*Task brief*:
The listing below is to be given again in full and word for word, without its images.

*Data provided*:
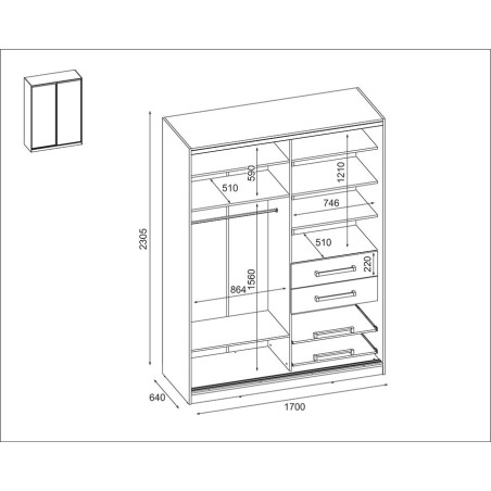 Szekrény 2D/170 - ruharúd, kihúzható polcok, ruhapolcok, fiókok
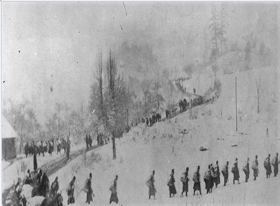 Dëbimi – nxjerrja e njerëzve me dhunë nga shtëpitë dhe banesat e tyre, ku para tytave të automatikëve urdhëroheshin që të vazhdojnë drejt stacionit të trenit ose të motorizuar, madje edhe në këmbë iknin drejt Shqipërisë, kufirit me Maqedoninë, por edhe drejt viseve me popullatë kryesisht shqiptare e boshnjake në Mal të Zi. Nga të katër anët e Kosovës kolona njerëzish në këmbë, me traktorë, me makina e me tren kishin marrë rrugën e mërgimit, të ndjekur e të persekutuar nga forcat serbe. Në mesin e tyre kishte edhe të sëmurë e të moshuar dhe të hendikepuar, gra shtatëzëna e fëmijë dhe foshnja të posalindura. Udhëtonin këta të ndjekur ose ecnin në këmbë kilometra e kilometra në kushte të vështira atmosferike e me përjetime e kujtime tronditëse për njerëz të vrarë e të pavarrosur, kufoma të hedhura anës rrugëve, djegie të tyre e të shtëpive të tyre. U sendërtuan në vepër thëniet e kriminelit Sheshel, i cili vazhdimisht theksonte se shqiptarët duhet të ndiqen përtej Bjeshkëve të Nemura, të vdekur ose të gjallë…
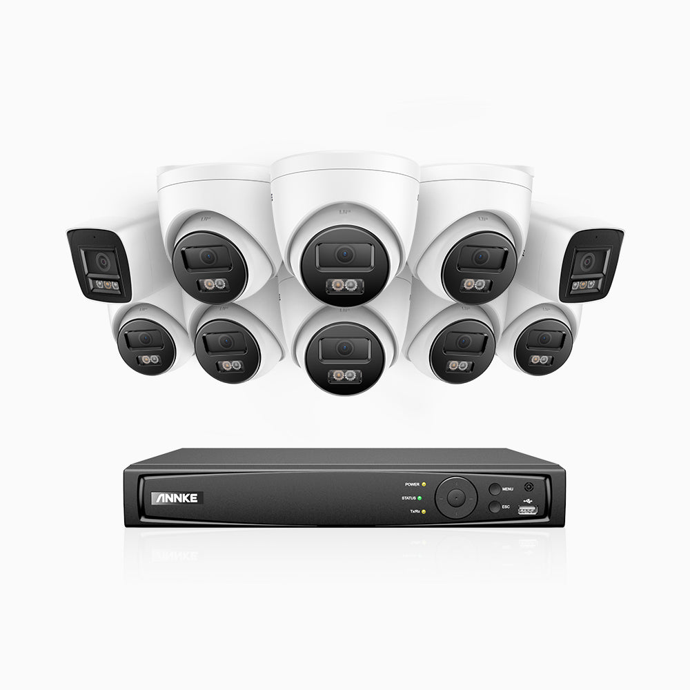 H800 - Zestaw do Monitoringu PoE 10 Kamery (2 Tubowa & 8 Kopułkowa) 4K z 16-Kanałowy Rejestratorem NVR, Noktowizor kolorowy i IR, 1/2.4" progresywny sensor CMOS, Identyfikacji osób lub pojazdów, Wbudowany mikrofon, IP67, Obsługuje RTSP i ONVIF

*Written reply*:
 Szekrény 2D/170 - ruharúd, kihúzható polcok, ruhapolcok, fiókok
 Dëbimi – nxjerrja e njerëzve me dhunë nga shtëpitë dhe banesat e tyre, ku para tytave të automatikëve urdhëroheshin që të vazhdojnë drejt stacionit të trenit ose të motorizuar, madje edhe në këmbë iknin drejt Shqipërisë, kufirit me Maqedoninë, por edhe drejt viseve me popullatë kryesisht shqiptare e boshnjake në Mal të Zi. Nga të katër anët e Kosovës kolona njerëzish në këmbë, me traktorë, me makina e me tren kishin marrë rrugën e mërgimit, të ndjekur e të persekutuar nga forcat serbe. Në mesin e tyre kishte edhe të sëmurë e të moshuar dhe të hendikepuar, gra shtatëzëna e fëmijë dhe foshnja të posalindura. Udhëtonin këta të ndjekur ose ecnin në këmbë kilometra e kilometra në kushte të vështira atmosferike e me përjetime e kujtime tronditëse për njerëz të vrarë e të pavarrosur, kufoma të hedhura anës rrugëve, djegie të tyre e të shtëpive të tyre. U sendërtuan në vepër thëniet e kriminelit Sheshel, i cili vazhdimisht theksonte se shqiptarët duhet të ndiqen përtej Bjeshkëve të Nemura, të vdekur ose të gjallë…
 H800 - Zestaw do Monitoringu PoE 10 Kamery (2 Tubowa & 8 Kopułkowa) 4K z 16-Kanałowy Rejestratorem NVR, Noktowizor kolorowy i IR, 1/2.4" progresywny sensor CMOS, Identyfikacji osób lub pojazdów, Wbudowany mikrofon, IP67, Obsługuje RTSP i ONVIF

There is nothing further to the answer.